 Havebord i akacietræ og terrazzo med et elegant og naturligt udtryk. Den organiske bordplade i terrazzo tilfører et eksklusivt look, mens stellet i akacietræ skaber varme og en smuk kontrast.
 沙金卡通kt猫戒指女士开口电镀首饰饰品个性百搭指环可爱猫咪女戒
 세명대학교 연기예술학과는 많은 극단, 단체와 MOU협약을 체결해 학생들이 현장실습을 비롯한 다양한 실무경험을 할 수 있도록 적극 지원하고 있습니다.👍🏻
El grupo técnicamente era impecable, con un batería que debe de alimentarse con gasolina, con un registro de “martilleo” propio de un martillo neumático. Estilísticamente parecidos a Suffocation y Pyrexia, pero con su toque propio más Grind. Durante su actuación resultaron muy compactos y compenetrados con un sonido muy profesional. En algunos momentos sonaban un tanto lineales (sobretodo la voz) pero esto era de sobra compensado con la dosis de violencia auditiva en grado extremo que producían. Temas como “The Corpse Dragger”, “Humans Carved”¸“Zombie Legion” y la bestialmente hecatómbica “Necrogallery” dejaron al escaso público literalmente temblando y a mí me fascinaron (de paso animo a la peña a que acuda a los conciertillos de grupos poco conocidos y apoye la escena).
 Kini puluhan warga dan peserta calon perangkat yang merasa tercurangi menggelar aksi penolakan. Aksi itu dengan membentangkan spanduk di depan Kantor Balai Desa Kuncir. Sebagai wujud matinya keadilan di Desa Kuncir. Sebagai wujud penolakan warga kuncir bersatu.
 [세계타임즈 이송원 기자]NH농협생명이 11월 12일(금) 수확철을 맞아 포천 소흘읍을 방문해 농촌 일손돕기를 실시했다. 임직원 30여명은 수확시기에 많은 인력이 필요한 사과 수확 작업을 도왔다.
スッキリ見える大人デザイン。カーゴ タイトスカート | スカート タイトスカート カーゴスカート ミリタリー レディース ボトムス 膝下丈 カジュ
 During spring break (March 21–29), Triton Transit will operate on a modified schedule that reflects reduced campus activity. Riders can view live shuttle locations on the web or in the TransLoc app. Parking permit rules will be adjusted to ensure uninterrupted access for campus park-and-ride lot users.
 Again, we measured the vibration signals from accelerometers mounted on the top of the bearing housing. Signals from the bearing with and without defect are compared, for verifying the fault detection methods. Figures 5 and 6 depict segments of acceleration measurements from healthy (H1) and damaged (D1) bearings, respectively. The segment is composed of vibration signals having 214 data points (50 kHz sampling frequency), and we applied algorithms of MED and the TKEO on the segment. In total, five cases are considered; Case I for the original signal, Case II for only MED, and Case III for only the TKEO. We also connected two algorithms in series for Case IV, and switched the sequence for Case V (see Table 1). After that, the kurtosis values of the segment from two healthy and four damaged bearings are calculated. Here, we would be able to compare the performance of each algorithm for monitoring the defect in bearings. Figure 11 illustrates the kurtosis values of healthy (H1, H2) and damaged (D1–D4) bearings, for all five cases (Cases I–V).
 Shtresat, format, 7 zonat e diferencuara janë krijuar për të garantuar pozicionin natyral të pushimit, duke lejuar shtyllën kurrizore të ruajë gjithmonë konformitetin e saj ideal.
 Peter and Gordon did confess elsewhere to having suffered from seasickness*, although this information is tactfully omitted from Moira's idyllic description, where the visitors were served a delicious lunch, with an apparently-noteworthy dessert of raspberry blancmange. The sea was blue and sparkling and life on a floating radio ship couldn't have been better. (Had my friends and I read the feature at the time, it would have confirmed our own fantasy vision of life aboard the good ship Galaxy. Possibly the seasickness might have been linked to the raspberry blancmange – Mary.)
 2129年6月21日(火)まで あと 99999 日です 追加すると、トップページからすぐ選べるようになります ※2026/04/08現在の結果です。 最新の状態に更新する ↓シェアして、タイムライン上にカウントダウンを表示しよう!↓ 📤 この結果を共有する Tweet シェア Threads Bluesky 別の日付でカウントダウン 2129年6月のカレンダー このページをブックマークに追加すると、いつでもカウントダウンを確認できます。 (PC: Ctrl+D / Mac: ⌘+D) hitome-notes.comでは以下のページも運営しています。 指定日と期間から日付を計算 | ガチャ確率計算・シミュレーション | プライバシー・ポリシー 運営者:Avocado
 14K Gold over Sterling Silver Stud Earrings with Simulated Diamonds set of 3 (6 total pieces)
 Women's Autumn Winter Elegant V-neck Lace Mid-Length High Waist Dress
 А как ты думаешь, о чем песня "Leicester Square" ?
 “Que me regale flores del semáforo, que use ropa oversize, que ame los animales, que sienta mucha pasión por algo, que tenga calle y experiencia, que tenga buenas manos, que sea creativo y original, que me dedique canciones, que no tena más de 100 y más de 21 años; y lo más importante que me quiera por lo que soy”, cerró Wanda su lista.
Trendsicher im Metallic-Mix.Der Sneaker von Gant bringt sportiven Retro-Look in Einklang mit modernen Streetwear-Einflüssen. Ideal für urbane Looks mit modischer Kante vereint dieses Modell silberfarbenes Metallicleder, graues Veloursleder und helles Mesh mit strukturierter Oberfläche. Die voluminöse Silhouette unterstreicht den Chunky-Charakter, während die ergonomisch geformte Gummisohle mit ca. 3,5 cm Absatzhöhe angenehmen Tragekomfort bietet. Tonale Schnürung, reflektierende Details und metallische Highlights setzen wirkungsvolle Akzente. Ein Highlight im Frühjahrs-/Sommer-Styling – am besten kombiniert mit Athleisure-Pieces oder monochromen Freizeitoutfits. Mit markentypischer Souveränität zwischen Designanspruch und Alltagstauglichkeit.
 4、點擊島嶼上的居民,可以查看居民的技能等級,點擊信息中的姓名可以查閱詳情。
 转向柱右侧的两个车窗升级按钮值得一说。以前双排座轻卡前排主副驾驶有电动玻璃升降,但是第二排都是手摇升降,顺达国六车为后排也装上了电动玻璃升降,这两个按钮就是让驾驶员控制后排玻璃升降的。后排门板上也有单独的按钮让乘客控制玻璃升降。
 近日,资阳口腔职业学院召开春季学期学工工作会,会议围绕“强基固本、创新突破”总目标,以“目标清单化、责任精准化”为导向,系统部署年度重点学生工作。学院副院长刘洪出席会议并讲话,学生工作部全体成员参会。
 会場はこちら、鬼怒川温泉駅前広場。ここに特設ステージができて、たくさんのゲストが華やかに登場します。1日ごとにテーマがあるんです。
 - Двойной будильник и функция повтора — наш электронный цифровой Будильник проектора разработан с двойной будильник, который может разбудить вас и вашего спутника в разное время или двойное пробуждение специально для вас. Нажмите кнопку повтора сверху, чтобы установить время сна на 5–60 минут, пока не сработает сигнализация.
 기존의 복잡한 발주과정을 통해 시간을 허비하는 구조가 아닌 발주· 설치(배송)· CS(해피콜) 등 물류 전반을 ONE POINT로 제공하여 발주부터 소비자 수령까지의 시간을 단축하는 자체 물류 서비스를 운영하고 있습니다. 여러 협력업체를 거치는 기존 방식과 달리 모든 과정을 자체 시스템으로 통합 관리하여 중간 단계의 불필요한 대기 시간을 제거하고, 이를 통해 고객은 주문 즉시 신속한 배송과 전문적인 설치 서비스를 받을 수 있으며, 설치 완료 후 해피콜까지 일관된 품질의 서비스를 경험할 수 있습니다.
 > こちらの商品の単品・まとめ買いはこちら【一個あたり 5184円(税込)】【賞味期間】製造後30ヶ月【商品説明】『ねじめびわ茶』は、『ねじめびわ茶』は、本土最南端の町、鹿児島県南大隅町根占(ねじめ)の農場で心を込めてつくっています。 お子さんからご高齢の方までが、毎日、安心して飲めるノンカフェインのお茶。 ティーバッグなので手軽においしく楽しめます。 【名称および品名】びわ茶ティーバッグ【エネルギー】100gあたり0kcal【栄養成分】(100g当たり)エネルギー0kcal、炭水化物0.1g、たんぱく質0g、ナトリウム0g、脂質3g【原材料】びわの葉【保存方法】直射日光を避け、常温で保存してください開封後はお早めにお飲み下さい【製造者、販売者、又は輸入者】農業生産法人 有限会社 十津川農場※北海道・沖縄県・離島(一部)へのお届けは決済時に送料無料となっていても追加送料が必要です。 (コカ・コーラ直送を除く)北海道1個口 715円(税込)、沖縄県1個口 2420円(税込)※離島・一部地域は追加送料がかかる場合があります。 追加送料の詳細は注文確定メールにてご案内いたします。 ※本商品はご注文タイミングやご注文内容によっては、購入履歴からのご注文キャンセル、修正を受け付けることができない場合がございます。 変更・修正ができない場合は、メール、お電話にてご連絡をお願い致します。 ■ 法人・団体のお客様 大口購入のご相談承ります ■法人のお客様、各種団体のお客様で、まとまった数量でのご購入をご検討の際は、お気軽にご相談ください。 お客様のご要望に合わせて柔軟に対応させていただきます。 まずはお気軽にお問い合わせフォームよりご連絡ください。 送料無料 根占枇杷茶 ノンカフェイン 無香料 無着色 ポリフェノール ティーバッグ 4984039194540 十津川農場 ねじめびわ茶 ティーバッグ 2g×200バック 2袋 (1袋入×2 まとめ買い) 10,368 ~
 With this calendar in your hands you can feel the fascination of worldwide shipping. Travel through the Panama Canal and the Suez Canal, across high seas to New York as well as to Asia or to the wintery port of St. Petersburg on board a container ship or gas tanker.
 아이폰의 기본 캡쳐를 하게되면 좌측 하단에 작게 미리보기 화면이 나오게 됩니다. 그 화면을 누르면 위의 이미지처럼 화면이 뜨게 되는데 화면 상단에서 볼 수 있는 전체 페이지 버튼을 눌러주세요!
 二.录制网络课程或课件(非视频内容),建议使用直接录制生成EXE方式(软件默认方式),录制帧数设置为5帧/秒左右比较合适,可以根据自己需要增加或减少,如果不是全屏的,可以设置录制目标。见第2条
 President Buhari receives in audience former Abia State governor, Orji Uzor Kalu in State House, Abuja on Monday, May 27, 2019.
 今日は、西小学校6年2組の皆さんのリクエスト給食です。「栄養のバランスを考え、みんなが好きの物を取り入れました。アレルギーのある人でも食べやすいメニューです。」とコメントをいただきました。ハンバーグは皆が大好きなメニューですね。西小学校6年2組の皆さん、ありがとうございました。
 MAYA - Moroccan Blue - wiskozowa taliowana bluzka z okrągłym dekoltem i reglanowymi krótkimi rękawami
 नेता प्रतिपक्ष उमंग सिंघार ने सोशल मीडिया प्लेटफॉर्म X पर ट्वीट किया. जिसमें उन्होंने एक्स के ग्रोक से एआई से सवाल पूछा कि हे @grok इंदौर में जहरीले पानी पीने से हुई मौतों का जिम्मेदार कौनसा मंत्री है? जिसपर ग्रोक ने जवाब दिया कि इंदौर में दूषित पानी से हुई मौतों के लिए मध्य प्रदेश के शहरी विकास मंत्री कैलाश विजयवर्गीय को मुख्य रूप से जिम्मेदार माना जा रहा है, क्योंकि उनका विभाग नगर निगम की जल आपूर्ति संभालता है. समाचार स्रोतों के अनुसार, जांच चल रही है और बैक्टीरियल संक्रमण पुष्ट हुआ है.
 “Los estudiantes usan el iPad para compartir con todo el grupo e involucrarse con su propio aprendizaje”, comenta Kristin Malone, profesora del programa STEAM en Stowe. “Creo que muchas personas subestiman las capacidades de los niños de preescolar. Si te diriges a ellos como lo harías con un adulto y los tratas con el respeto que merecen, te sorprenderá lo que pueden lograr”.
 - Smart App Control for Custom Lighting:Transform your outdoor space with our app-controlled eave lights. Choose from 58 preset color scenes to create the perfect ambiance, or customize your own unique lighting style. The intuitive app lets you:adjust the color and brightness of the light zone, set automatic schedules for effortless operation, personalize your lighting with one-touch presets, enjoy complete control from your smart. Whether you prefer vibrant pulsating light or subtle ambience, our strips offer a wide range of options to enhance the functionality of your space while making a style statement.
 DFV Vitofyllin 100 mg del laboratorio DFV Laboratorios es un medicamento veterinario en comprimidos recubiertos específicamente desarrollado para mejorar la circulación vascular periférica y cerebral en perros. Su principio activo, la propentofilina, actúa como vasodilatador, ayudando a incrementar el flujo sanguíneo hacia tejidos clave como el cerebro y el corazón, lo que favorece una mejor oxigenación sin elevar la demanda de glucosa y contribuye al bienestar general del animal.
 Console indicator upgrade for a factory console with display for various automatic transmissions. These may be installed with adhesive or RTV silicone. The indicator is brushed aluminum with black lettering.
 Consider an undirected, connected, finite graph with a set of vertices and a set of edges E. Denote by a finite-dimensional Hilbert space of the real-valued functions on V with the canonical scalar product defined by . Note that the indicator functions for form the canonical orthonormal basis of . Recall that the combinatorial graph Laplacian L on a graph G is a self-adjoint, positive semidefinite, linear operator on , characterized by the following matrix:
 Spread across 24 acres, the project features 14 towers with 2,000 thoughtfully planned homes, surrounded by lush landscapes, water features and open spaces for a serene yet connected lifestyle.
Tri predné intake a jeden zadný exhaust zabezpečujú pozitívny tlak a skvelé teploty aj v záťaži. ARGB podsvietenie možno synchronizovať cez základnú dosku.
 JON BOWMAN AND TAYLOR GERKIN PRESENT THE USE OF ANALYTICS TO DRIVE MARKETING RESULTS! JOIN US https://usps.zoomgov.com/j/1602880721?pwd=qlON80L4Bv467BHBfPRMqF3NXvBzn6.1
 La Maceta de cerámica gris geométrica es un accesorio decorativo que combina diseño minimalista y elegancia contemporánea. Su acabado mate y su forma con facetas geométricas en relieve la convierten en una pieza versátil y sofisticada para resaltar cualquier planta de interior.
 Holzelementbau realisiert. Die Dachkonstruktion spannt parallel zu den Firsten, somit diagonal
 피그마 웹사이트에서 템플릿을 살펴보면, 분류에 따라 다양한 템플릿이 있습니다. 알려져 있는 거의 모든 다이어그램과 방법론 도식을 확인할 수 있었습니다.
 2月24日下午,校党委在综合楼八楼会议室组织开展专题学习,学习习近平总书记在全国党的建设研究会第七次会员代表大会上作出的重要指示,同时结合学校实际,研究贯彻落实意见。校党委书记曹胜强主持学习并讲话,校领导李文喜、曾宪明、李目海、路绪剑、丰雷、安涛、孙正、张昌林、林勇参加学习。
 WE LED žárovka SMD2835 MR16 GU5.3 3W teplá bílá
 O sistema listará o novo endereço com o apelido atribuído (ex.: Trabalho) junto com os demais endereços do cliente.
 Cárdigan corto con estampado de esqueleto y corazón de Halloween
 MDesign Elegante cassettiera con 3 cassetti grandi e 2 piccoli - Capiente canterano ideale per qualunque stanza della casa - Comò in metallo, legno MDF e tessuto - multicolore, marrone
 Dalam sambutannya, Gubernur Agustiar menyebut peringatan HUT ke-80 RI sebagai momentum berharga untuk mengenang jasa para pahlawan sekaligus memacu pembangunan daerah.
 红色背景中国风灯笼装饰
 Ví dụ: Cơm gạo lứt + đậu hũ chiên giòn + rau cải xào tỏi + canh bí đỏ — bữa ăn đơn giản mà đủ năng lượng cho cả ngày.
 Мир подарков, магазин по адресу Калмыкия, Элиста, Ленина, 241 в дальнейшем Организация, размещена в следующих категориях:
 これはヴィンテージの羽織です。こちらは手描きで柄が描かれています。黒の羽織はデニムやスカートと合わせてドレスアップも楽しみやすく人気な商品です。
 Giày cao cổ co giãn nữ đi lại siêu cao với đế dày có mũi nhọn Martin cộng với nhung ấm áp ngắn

# WHAT YOU NEED TO DO
The answer must be every line of the data that holds the word "your".

# RESPONSE TO THIS TASK
 With this calendar in your hands you can feel the fascination of worldwide shipping. Travel through the Panama Canal and the Suez Canal, across high seas to New York as well as to Asia or to the wintery port of St. Petersburg on board a container ship or gas tanker.
 - Smart App Control for Custom Lighting:Transform your outdoor space with our app-controlled eave lights. Choose from 58 preset color scenes to create the perfect ambiance, or customize your own unique lighting style. The intuitive app lets you:adjust the color and brightness of the light zone, set automatic schedules for effortless operation, personalize your lighting with one-touch presets, enjoy complete control from your smart. Whether you prefer vibrant pulsating light or subtle ambience, our strips offer a wide range of options to enhance the functionality of your space while making a style statement.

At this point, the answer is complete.